A chill ripple went down Georgiana’s spine. Erica was cool—she would not hesitate to carry out her threat. But that very coolness was the reason Erica would make such a good witness to Nicolas’s “crime”—she would be believed.
“Actually, it would amuse me to see Nicolas tangled in his own web!” Erica’s laughter rippled maliciously. “I enjoy watching him struggle. The battle is always so intense—and so unorthodox!” She became businesslike again. “You and your friend Matti
e can sail back to Haerwyck with me tonight. You can be let off just north of Haerwyck. I just remembered—there is a sailboat; it is small and will not be missed right away, but you could handle it easily yourself and it would take you and your friend downriver in absolute secrecy to New Orange. Coming from Bermuda, I am sure you know how to sail a boat.”
“Yes, I know how to sail, but I have no mind that Mattie and I shall be set adrift in some leaky boat to perish,” said Georgiana evenly. “You will accompany us, Erica. You will see that we make shore in New Orange safely.”
“I see you do not trust me?” The amber eyes flashed gold. “Very well, then, we will take some other, larger boat—together.”

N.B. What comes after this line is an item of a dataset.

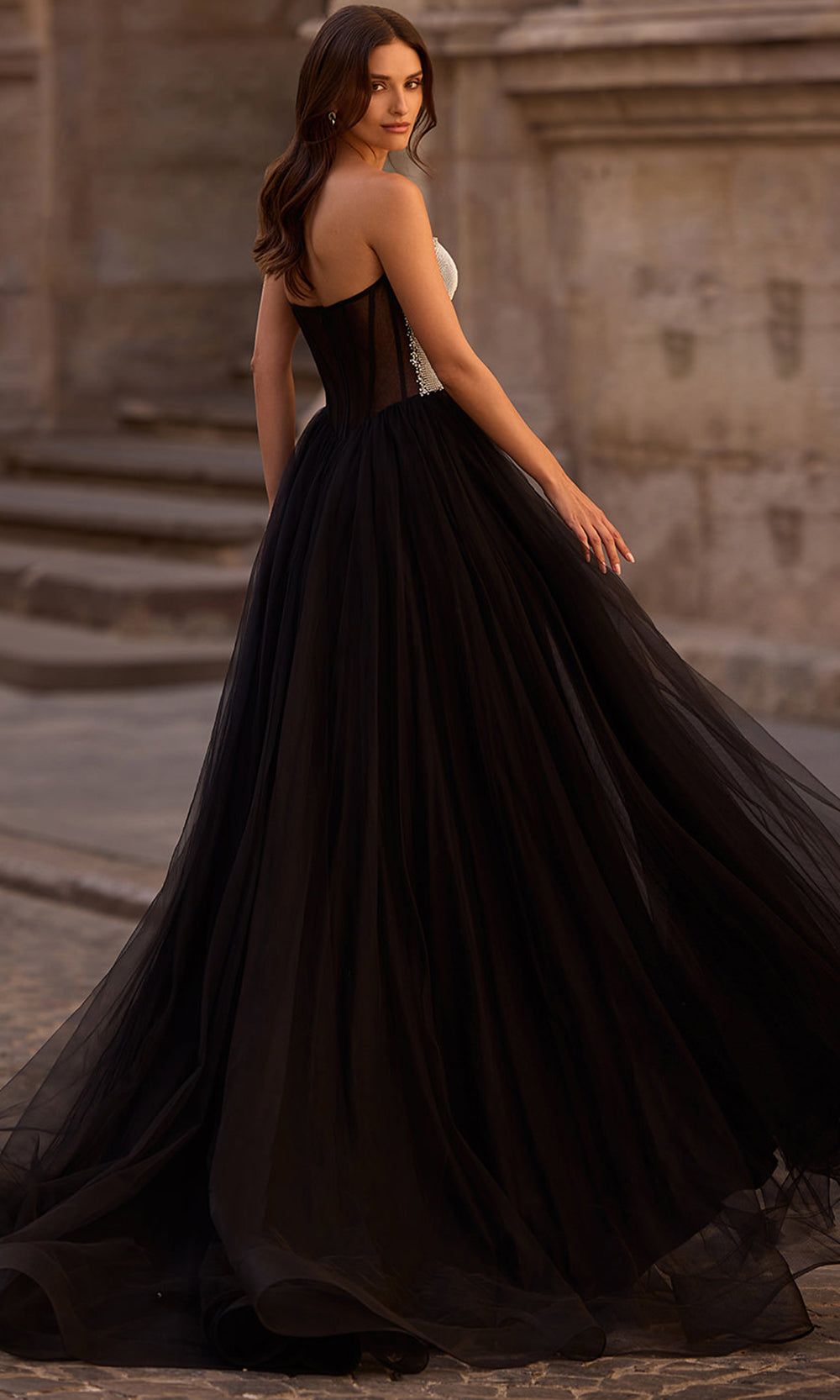 | Details: | Embellished Bodice, Strapless, Fitted Bodice, Exposed Boning, Back Zipper Closure, Slit, Train, Horsehair Hem |

Again that chill feeling. Erica could well have intended to send both the sailboat and its occupants to the bottom of the river. Georgiana realized that she would have to stay awake, to watch Erica all the time.
“If I hear that you have tricked me,” she told Erica coldly, “I will come back and say that you and Nicolas together conspired my death but that I escaped you.”
Erica’s white teeth flashed in the candlelight.“I am beginning to admire you, Georgiana. But you see, my one desire is to get you gone. That has been my only desire from the beginning.”
“Yes, I remember—you did not tell Brett that you had seen me in Bermuda.”
“No, but I foolishly told my brother and he later sold the information to Brett. Claes was ever a fool—I would have paid him more to keep the news from Brett!”
“And perhaps poisoned his wine into the bargain,” suggested Georgiana morosely.
“Come now, don’t judge me so harshly. I never poisoned anyone!”
It was on the tip of Georgiana’s tongue to add harshly “Not yet!” but she needed Erica. Instead she said sweetly, “Would you like more wine, Erica?”